First a little something for historical fiction fans... Across The Endless River by Thad Carhart. A historical novel about Jean-Baptiste Charbonneau, the son of Sacagawea, and his intriguing sojourn as a young man in 1820’s Europe. Born in 1805 on the Lewis & Clark expedition, Jean-Baptiste Charbonneau was the son of the expedition’s translators, Sacagawea and Toussaint Charbonneau. Across The Endless River evokes the formative years of this mixed-blood child of the frontier, entering the wild and mysterious world of his boyhood along the Missouri. Imagine wild frontiers and undiscovered territories! The time of Lewis & Clark was a time of great adventure and I'm excited to start reading about this young man torn between two cultures and the obstacles both personal and physical that existed then. This book has a lot of positive buzz!
And finally, the Winner of the Commonwealth Writer's Prize 2009 for the African Region in Best First Book is Say You're One of Them by Uwem Akpan. The Commonwealth Writers’ Prize covers the Commonwealth regions of Africa, Europe and South Asia, The Caribbean and Canada, and South East Asia and the South Pacific. The objectives of the prize are to promote new voices, reward achievement. Say You're One of Them is a collection of stories, set in Africa, and are often told from a child's point of view. This book also happens to be the book Oprah chose for her newest book club selection. But there is more to this book than just Oprah's endorsement. Uwem Akpan writes beautifully! His prose floats off the page one moment and then disappears the next as we are transported into some agonizing scene. Each story in this jubilantly acclaimed collection pays testament to the wisdom and resilience of children, even in the face of the most agonizing circumstances... A family living in a makeshift shanty in urban Kenya scurries to find gifts of any kind for the impending Christmas holiday. A Rwandan girl relates her family’s struggles to maintain a facade of normalcy amid unspeakable acts. A young brother and sister cope with their uncle’s attempt to sell them into slavery. Aboard a bus filled with refugees—a microcosm of today’s Africa—a Muslim boy summons his faith to bear a treacherous ride across Nigeria. Through the eyes of childhood friends the emotional toll of religious conflict in Ethiopia becomes viscerally clear. Uwem Akpan's debut signals the arrival of a breathtakingly talented writer who gives a matter-of-fact reality to the most extreme circumstances in stories that are nothing short of transcendent. Would you like to read a sample of his writing? The New Yorker Magazine has two stories from the book on their website! Here is the LINK to My Parent's Bedroom and An Ex-Mas Feast.
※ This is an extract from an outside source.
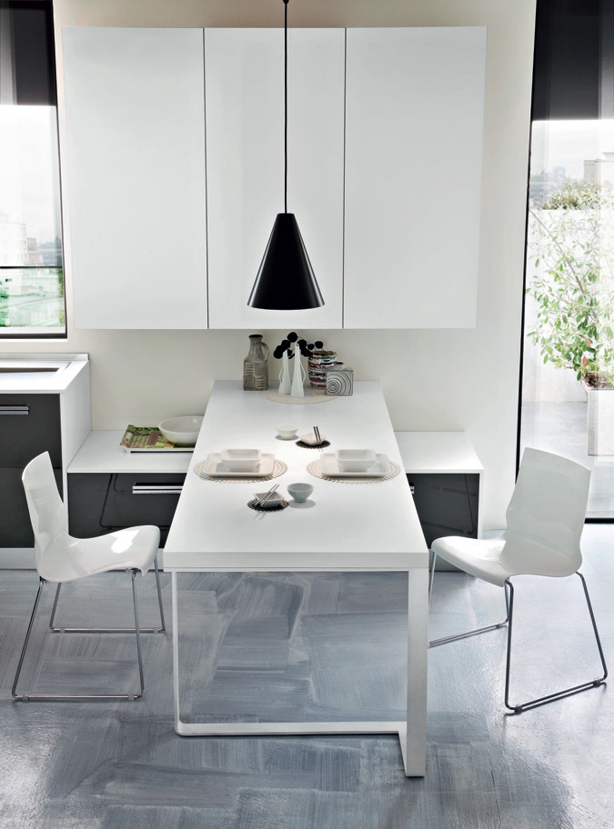 structure: wood facades: MDF accessories: chrome-plated steel countertop: corian facades: lacquered |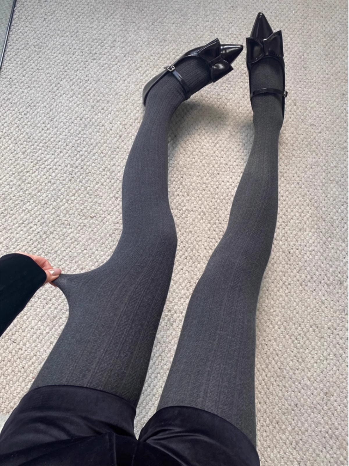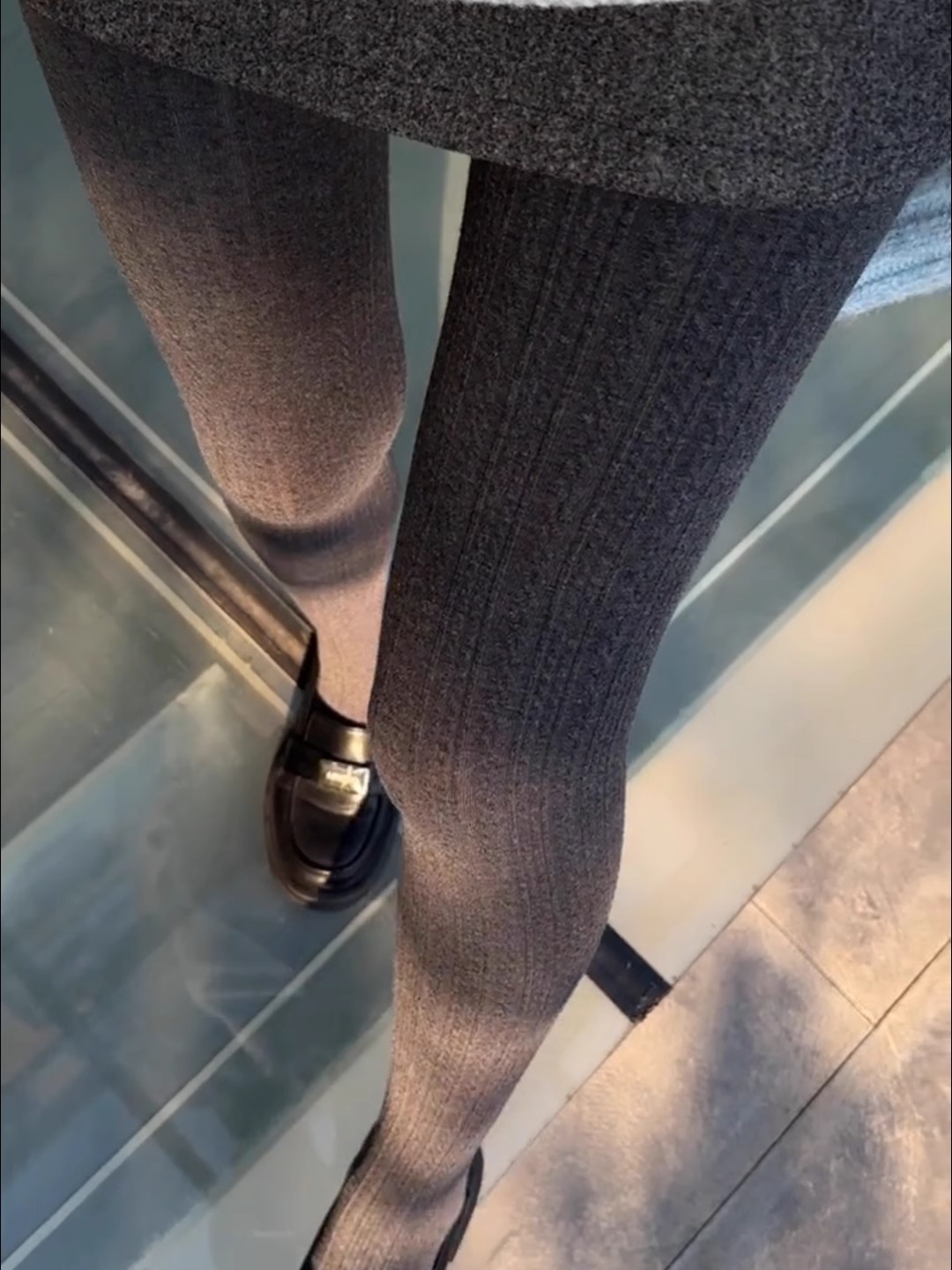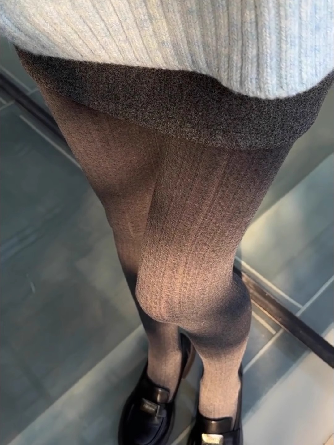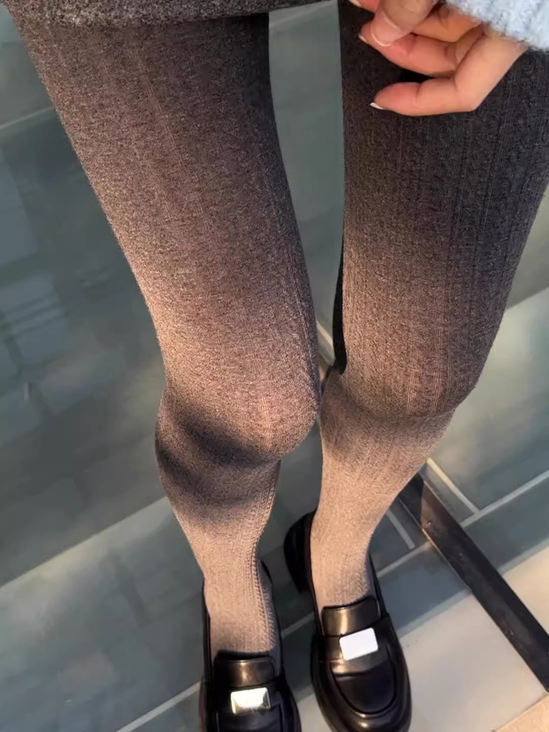 가을과 겨울 새로운 빈티지 대마 패턴베이스 양말 오트밀 컬러 스레드 외부 착용 슬리밍 그레이 팬티 스타킹

*P.S. For fans of Diana Gabaldon, An Echo in the Bone, the much-anticipated 7th novel featuring Jamie & Claire traveling across time, will be released this tuesday! Don't miss it! And if you're unfamiliar with Diana Gabaldon's Outlander Series, and you like historical romance, with a twist of time travel, start reading! The first book is Outlander!
That about does it for this week... Tell me what's on your shelf! And what books you've come across we should all know about! Are you an Oprah fan? What do you think about her choice? Do you like short stories? And tell me, do you read memoirs?